The not-Doctor gave her a look, and she almost stepped back at the ice that was suddenly in them.

"Nothing to joke about," he said, almost harshly. "Nothing to joke about at all."

"Um..." Anderson said, "Shepard, if I have the Doctor's box brought down to the Normandy, would you be alright with him being part of your crew?"

"I don't know what he can do," Shepard pointed out.

"I'll forward the file," Anderson said, smiling softly. "But trust me, Shepard, you want the Doctor on your team."

"Alright," Shepard said, turning to the not-Doctor. "If you'll come with me?"

"One moment," the not-Doctor said. He turned to his box. "Alright, Vala, it's safe to come out now."

A moment later, a Quarian woman, maybe in her early twenties or late teens, stepped out of the blue box. She looked altogether nervous, if her body language was to be believed. The not-Doctor turned to Shepard.

"This is Vala'Ren. She's my associate. I trust there's no problems with her coming with us?"


The Normandy was a dull ship. Same size ratio within and without, a bunch of military grunts, and barely any decent conversation. Except for Vala, of course, and oddly enough, Commander Shepard herself.

The first time the Commander came down to the cargo bay, he was sitting outside his TARDIS, utterly bored. Vala was off helping the engineers to fix a problem – she was a delightful girl, filled with the same wonder and joy of space that had attracted him to it all those many years ago.

He sighed. He had never been good at dealing with boredom, but at least he was controlled enough to not just run away now, when he was needed. That was something to be said for this incarnation.

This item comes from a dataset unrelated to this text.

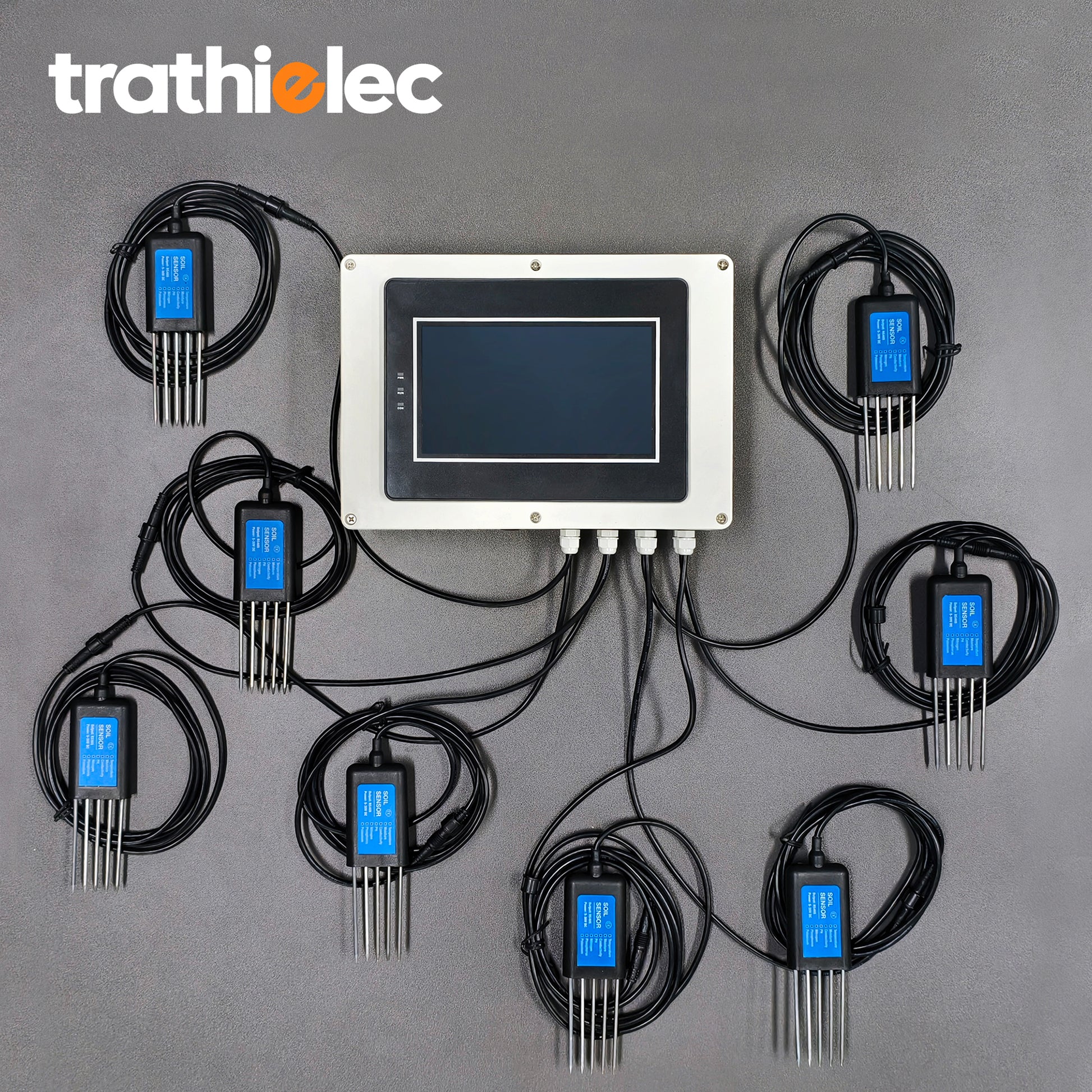 It supports up to 8 soil sensors across 8 nodes, capturing key parameters: soil temperature, moisture, EC, pH, NPK. A 7-inch LCD touchscreen enables easy operation, showing real-time values, curves, and logs.
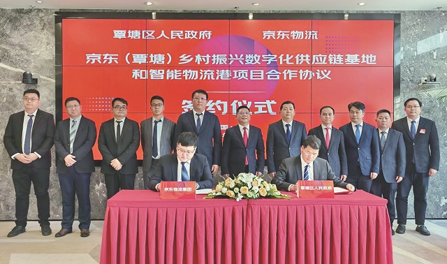 3月31日,京东(覃塘)乡村振兴数字化供应链基地和智能物流港项目合作协议签约仪式在北京举行。广西贵港市覃塘区委书记韦安宁,京东物流副总裁、物流科技总经理程岩出席仪式并见证签约。覃塘区副区长覃桂新,覃塘区城投集团党委书记、 董事长滕勇,京东物流集团、政企业务部拓展负责人李竹轩分别代表双方进行签约。此次合作,京东物流将与覃塘区携手共建乡村振兴数字化供应链基地和智能物流港,依托京东物流一体化供应链和数字化技术优势,在构建现代智能物流体系、打造农产品区域公用品牌、推动产教深度融合等方面,开展多层次、重创新、实质性的全方位合作,带动当地农特产业链上下游协同发展,降低综合物流成本,打造全国乡村振兴示范标杆。

"Doctor," she said, approaching him.

He looked up at her, but didn't answer.

"Have you got a moment to talk?" she asked him.

"Surprisingly many moments," he replied. "What is it you would like to talk about?"

She sat next to him.

"You mentioned a war," she said. "A Time War. I'd like to hear about it, if you'd be willing to talk."

He looked away from her, eyes frowning slightly. He didn't want to think about it.

"You've read my file," he said. "If you're people have information about my future, it's possible you know more than I do."

"It doesn't mention the war," Shepard replied. "Only that it happened."

"That is, perhaps, for the best," the not-Doctor said.

Shepard sat there expectantly for a moment. Clearly she wasn't going to go away until he told her something.

"I can say little about the Time War," he said finally, feeling rather foolish. "It isn't something language is fit to describe. The edge of it is insanity, conflict and fear. The centre is a place I rarely go, and it is rarer still that I speak of it."

"Your people are fighting it," Shepard said. "Against who?"

"A race your kind will not meet for many years," the not-Doctor replied. "They are called the Daleks."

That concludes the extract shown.